I'm using rclone to copy each 50MB file on 500 VMs to 1 VM, so there're 500 files totally copying to 1 target VM. At the beginning, I met the ssh session problem, so I tuned the ssh parameters of the target VM as below:

MaxSessions 2000
ClientAliveInterval 1
ClientAliveCountMax 5
MaxStartups 1000

But still the files on the target VM are not completed. I got the rclone error message from one source VM.

2020/03/12 17:16:32 DEBUG : rclone: Version "v1.51.0" starting with parameters ["rclone" "copy" "-vv" "/tmp/192-168-1-64_2020-03-12-17-15-01_testfile" "target:/myramdisk/"]

2020/03/12 17:16:32 DEBUG : Using config file from "/root/.config/rclone/rclone.conf"

2020/03/12 17:16:33 DEBUG : sftp://root@192.168.1.170:22//myramdisk/: New connection 192.168.1.64:42586->192.168.1.170:22 to "SSH-2.0-OpenSSH_7.4"

2020/03/12 17:16:34 DEBUG : 192-168-1-64_2020-03-12-17-15-01_testfile: Need to transfer - File not found at Destination

2020/03/12 17:16:47 DEBUG : 192-168-1-64_2020-03-12-17-15-01_testfile: Removed after failed upload: sftp: "Failure" (SSH_FX_FAILURE)

2020/03/12 17:16:47 ERROR : 192-168-1-64_2020-03-12-17-15-01_testfile: Failed to copy: Update ReadFrom failed: sftp: "Failure" (SSH_FX_FAILURE)

2020/03/12 17:16:47 ERROR : Attempt 1/3 failed with 1 errors and: Update ReadFrom failed: sftp: "Failure" (SSH_FX_FAILURE)

2020/03/12 17:16:47 DEBUG : 192-168-1-64_2020-03-12-17-15-01_testfile: Need to transfer - File not found at Destination

2020/03/12 17:16:49 DEBUG : 192-168-1-64_2020-03-12-17-15-01_testfile: Removed after failed upload: sftp: "Failure" (SSH_FX_FAILURE)

2020/03/12 17:16:51 ERROR : 192-168-1-64_2020-03-12-17-15-01_testfile: Failed to copy: Update ReadFrom failed: sftp: "Failure" (SSH_FX_FAILURE)

2020/03/12 17:16:51 ERROR : Attempt 2/3 failed with 1 errors and: Update ReadFrom failed: sftp: "Failure" (SSH_FX_FAILURE)

2020/03/12 17:16:51 DEBUG : 192-168-1-64_2020-03-12-17-15-01_testfile: Need to transfer - File not found at Destination

Below is my rclone config file.
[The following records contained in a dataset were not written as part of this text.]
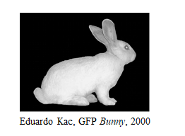Leia o texto a seguir.Em 2000, o artista Eduardo Kac, carioca radicado nos Estados Unidos, criou GFP Bunny, um coelho geneticamente modificado que brilha em presença de luz azul graças à Proteína Fluorescente (GFP) inserida em seu DNA.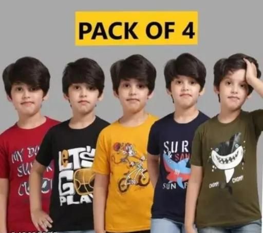 Name: Colorful Fun 4-Piece Multicolor Kids' Half-Sleeve T-Shirt Pack : Multicolor Kids' T-Shirts | Half-Sleeve T-Shirt Pack | 4-Piece Kids' T-Shirt Set | Colorful Kids' Clothing | Half-Sleeve T-Shirt Set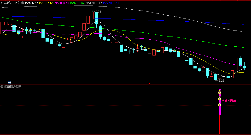底部掘金副图/选股指标,识别三段下跌、放量上涨、缩量调整及转折K线等一系列市场信号,在市场底部精准定位具有潜力牛股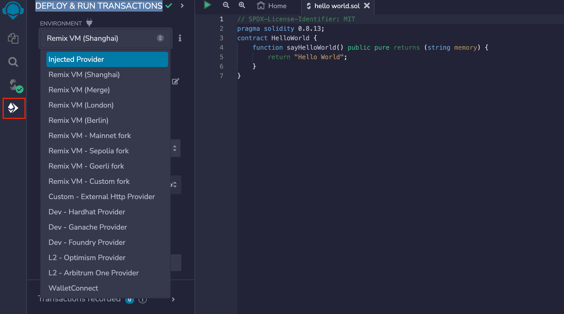 Now, the smart contract is compiled, Core is injected, and we are ready to deploy our Hello world contract. Click "Deploy."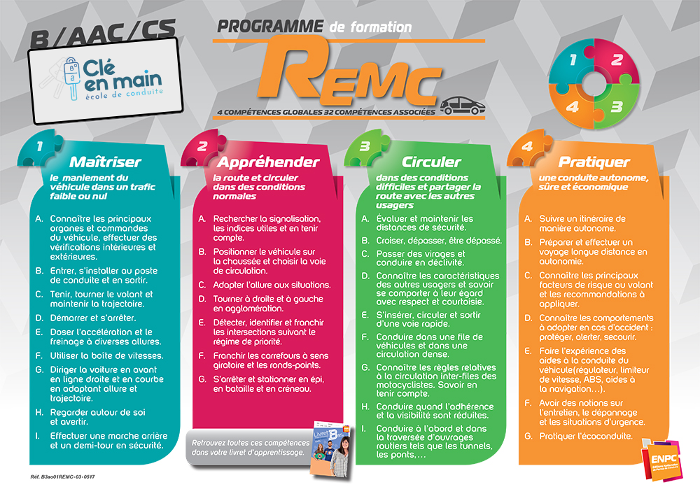 L’objectif général est d’amener tout automobiliste débutant à la maîtrise de compétences en termes de savoir être, savoirs, savoir-faire et savoir devenir. Apprendre à conduire est une démarche éducative exigeante. Le programme de formation se veut une vue d’ensemble des compétences qu’un conducteur responsable doit acquérir pour ne pas mettre sa sécurité et celle des autres en danger. Il vous faudra prendre conscience que ce qui est appris en formation doit progresser et évoluer, après l’obtention du permis de conduire, en tenant compte des mêmes objectifs sécuritaires que lors de votre apprentissage.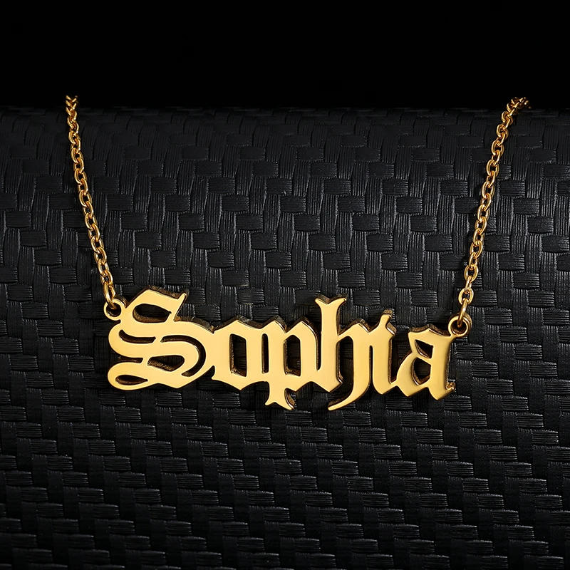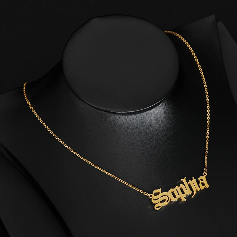 Персонализированное золотое ожерелье с именем для женщин, изготовленное на заказ, старинный английский шрифт, подвеска из нержавеющей стали, ожерелье, модное ювелирное изделие, подарок BFF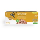 Schesir Complete Nutrition filet u želeu pruža vašoj mački cjelovit obrok koji je posebno prilagođen njezinim potrebama. Hrana je napravljena od prirodnog fileta visokekvalitete koji se nježno kuha na pari kako bi se sačuvale vrijedne arome i vitalne tvari. Nježan žele čini ga posebno ukusnim i kod mačke potiče dovoljan unos tekućine. Ova minimalistička receptura bogata je proteinima i sadrži lako probavljivu rižu kao izvor ugljikohidrata koji ne sadrži glutena. Esencijalni taurin podržava prirodnu funkciju vida, dok cjelovit profil hranjivih tvari vašoj mački pruža sve esencijalne vitamine i minerale koji su joj potrebni za aktivan život. Schesir Complete Nutrition filet u želeu 6 x 85 g u pregledu: uravnotežena mokra hrana za odrasle mačke 100 % prirodan file: minimalna obrada, visoka kvaliteta esencijalni taurin: vitalna aminokiselina za prirodnu funkciju vida cjelovito: uravnoteženo i sa svim važnim vitaminima i mineralima minimalistička receptura: samo odabrane sirovine visoke kvalitete nježan žele: posebno ukusna tekstura velik udio vlage: potiče dovoljan unos tekućine prilagođen profil hranjivih tvari: sličan izvornom plijenu bogato proteinima: važan za mišiće probavljiva riža: kao izvor ugljikohidrata koji ne sadrži gluten vrlo ukusno: dobro prihvaćeno nježno kuhano na pari: za očuvanje vitalnih tvari i aromaKompletna mokra hrana za odrasle mačke, 100 % prirodni sastojci, minimalno prerađena, ukusni fileti i lako probavljva riža, s esencijalnim vitaminima, mineralima i taurinom, s visokim udjelom proteina

Thanks!

[target]
type = sftp
host = 192.168.1.170
user = root
port = 22
pass = ***
use_insecure_cipher = false
md5sum_command = md5sum
sha1sum_command = sha1sum

SSH isn't particularly helpful with its error message!

I would have thought that if you are doing 500 connections at once you are likely running out of CPU, RAM or file handles on the server, so I'd check the server logs

Got some sftp server errors on the target VM. It has 96 core CPU and 96GB memory, but I gave 50GB to the ram disk as the copy destination, so maybe the memory is short. Let me try it.

The file handles have been tuned already.

Mar 12 17:16:50 192-168-1-170 sftp-server[77782]: error: process_write: write failed
Mar 12 17:16:50 192-168-1-170 sftp-server[77782]: error: process_write: write failed
Mar 12 17:16:50 192-168-1-170 sftp-server[77782]: error: process_write: write failed

The error message from rclone would be consistent with that :crossed_fingers: it works!

I increased the memory to 128GB, but still go the same issue that the files're not complete.

This time, I didn't see any error in /var/log/messages between 12:30 to 12:35.

During that 5 minutes, I did find there're 1767 sleeping threads. Not sure if it's the problem or how to debug this.

Can you try a subset of the 500 and see if that works? I think something is being overloaded on the server so it would be useful to test if it works for 5 and 50, say.

Sleeping threads could be waiting on disk or network I guess... 500 * 50MB files might be maxing the input network and causing networking delays?

300VM worked fine.

I used the ramdisk as the target folder and using FIO , 1M IO sequential write is 2.7GB/s. So I think disk won't be bottleneck. Networking probably. The bandwidth between each VM is 20Gbps, but they're all shared the 20Gbps physical ports.

You could slow down the transfers with --bwlimit. 20GB/s is 2.5 GByte/s split over 500 would be 5Mbyte/s. So if you used --bwlimit a bit less than that, say --bwlimit 3M it should keep the bandwidth not full.

Thanks for the suggestion, and I'll try it.

BTW, I want to copy the data ASAP. Hope this parameter won't slow down the transfer :slight_smile:

Great

It will slow it down a bit, hopefully enough so as not to overwhelm the network. You can tweak it up and down to find the optimum point.